What you need to do: Reproduce the lines below verbatim. Pictures are to be omitted.

* * *

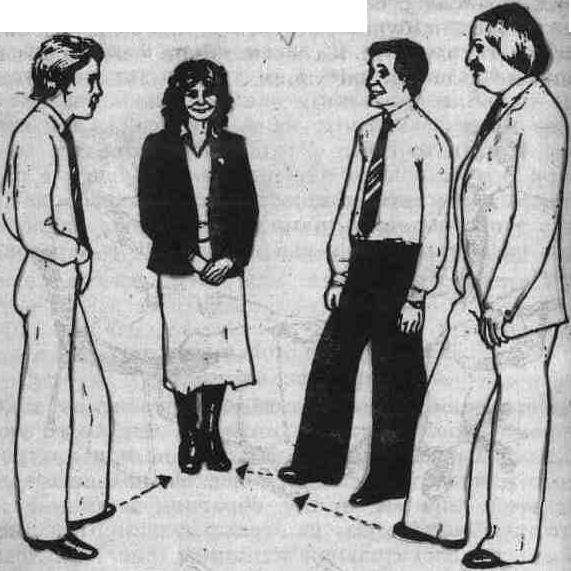 Из всех зон эта самая главная, поскольку именно эту зону человек охраняет так, как будто бы это его собственность. Разрешается проникнуть в эту зону только тем лицам, кто находится в тесном эмоциональном контакте с ним. В этой зоне имеется еще подзона радиусом в 15 см., в которую можно проникнуть только посредством физического контакта. Это сверхинтимная зона.Личная зона (46см – 1,2 м.)Это расстояние, которое обычно разделяет нас, когда мы находимся на вечеринках или официальных приемах.
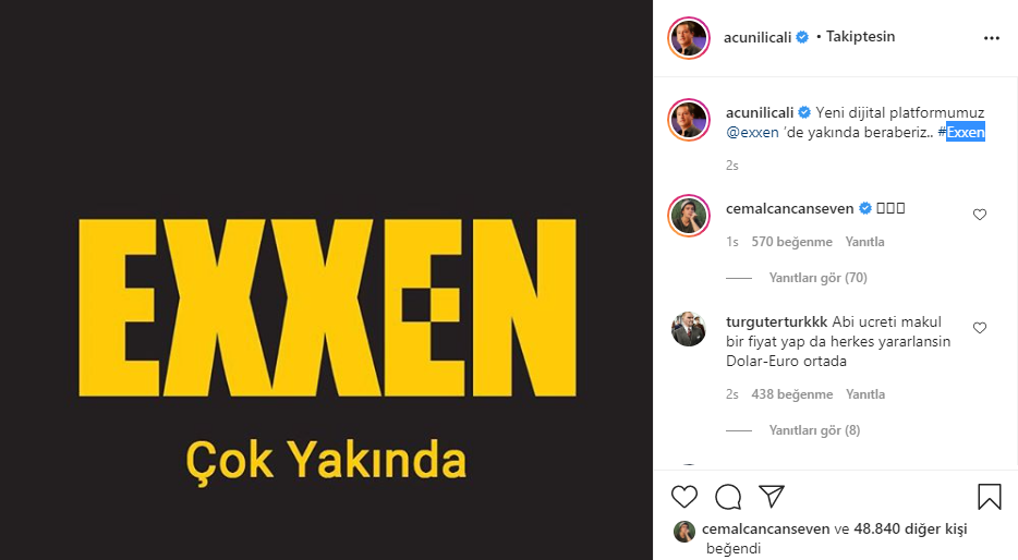 Ilıcalı, paylaşımında, 'Yeni dijital platformumuz Exxen'de çok yakında beraberiz' ifadelerini kullandı.
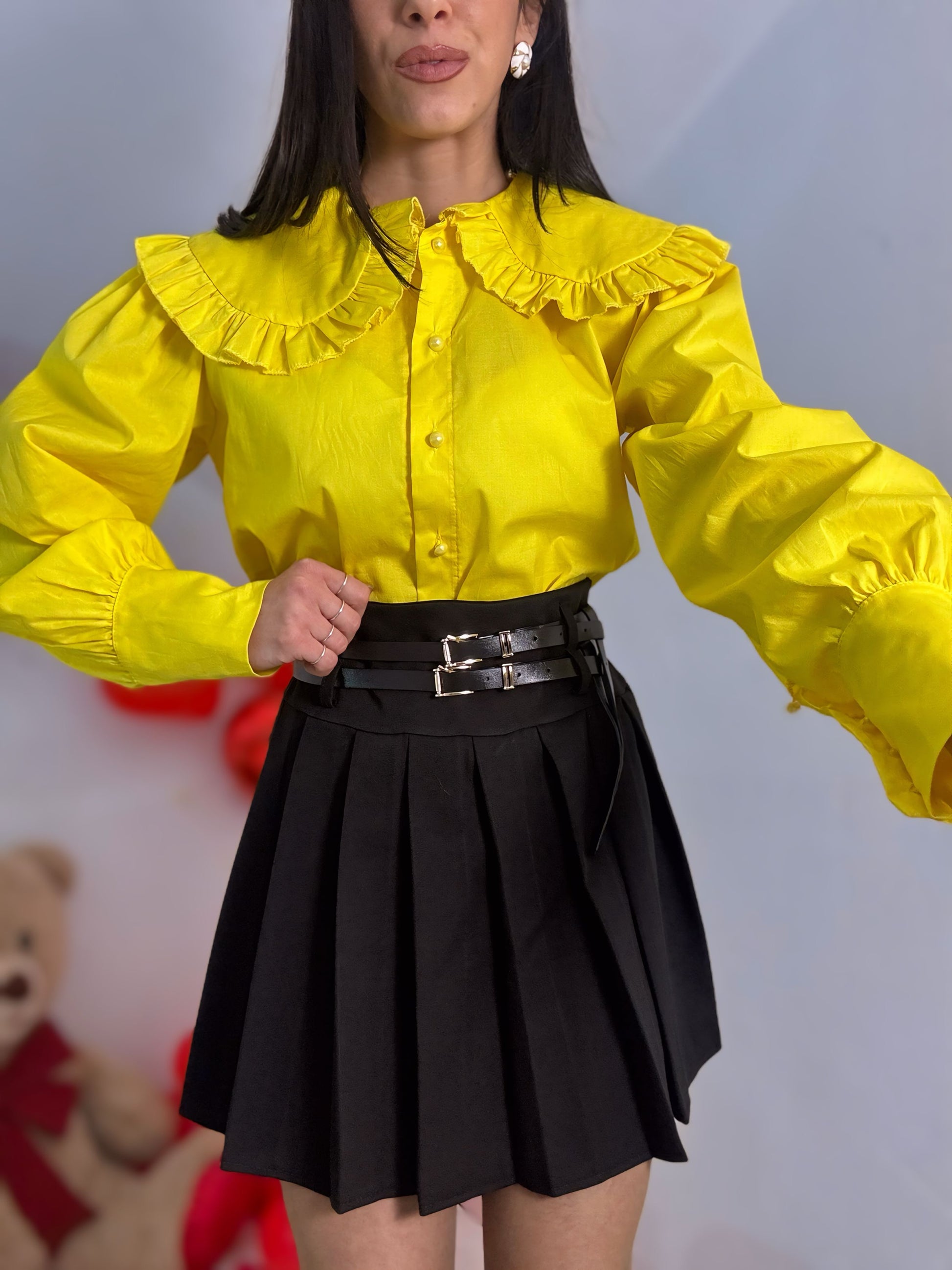 Gonna pieghettata con doppia cintura compresa
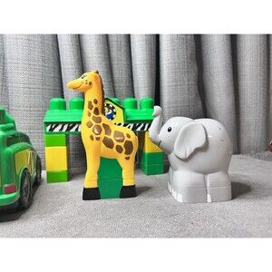 Listing is for a preowned item in good condition, includes truck, zoo lady, zoo entrance sign, elephant, giraffe and extra blocks
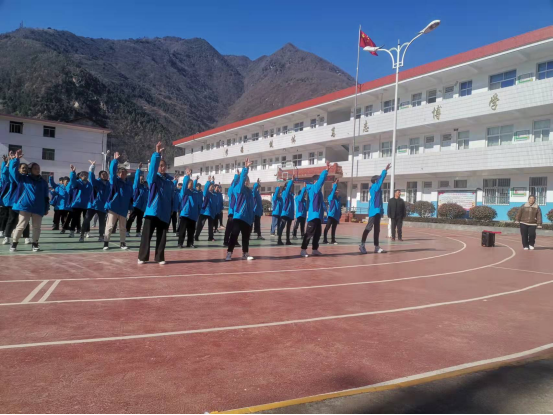 在镇安回龙中学观摩实习生的课间韵律操排演

* * *

Solved exercise:
 Из всех зон эта самая главная, поскольку именно эту зону человек охраняет так, как будто бы это его собственность. Разрешается проникнуть в эту зону только тем лицам, кто находится в тесном эмоциональном контакте с ним. В этой зоне имеется еще подзона радиусом в 15 см., в которую можно проникнуть только посредством физического контакта. Это сверхинтимная зона.Личная зона (46см – 1,2 м.)Это расстояние, которое обычно разделяет нас, когда мы находимся на вечеринках или официальных приемах.
 Ilıcalı, paylaşımında, 'Yeni dijital platformumuz Exxen'de çok yakında beraberiz' ifadelerini kullandı.
 Gonna pieghettata con doppia cintura compresa
 Listing is for a preowned item in good condition, includes truck, zoo lady, zoo entrance sign, elephant, giraffe and extra blocks
 在镇安回龙中学观摩实习生的课间韵律操排演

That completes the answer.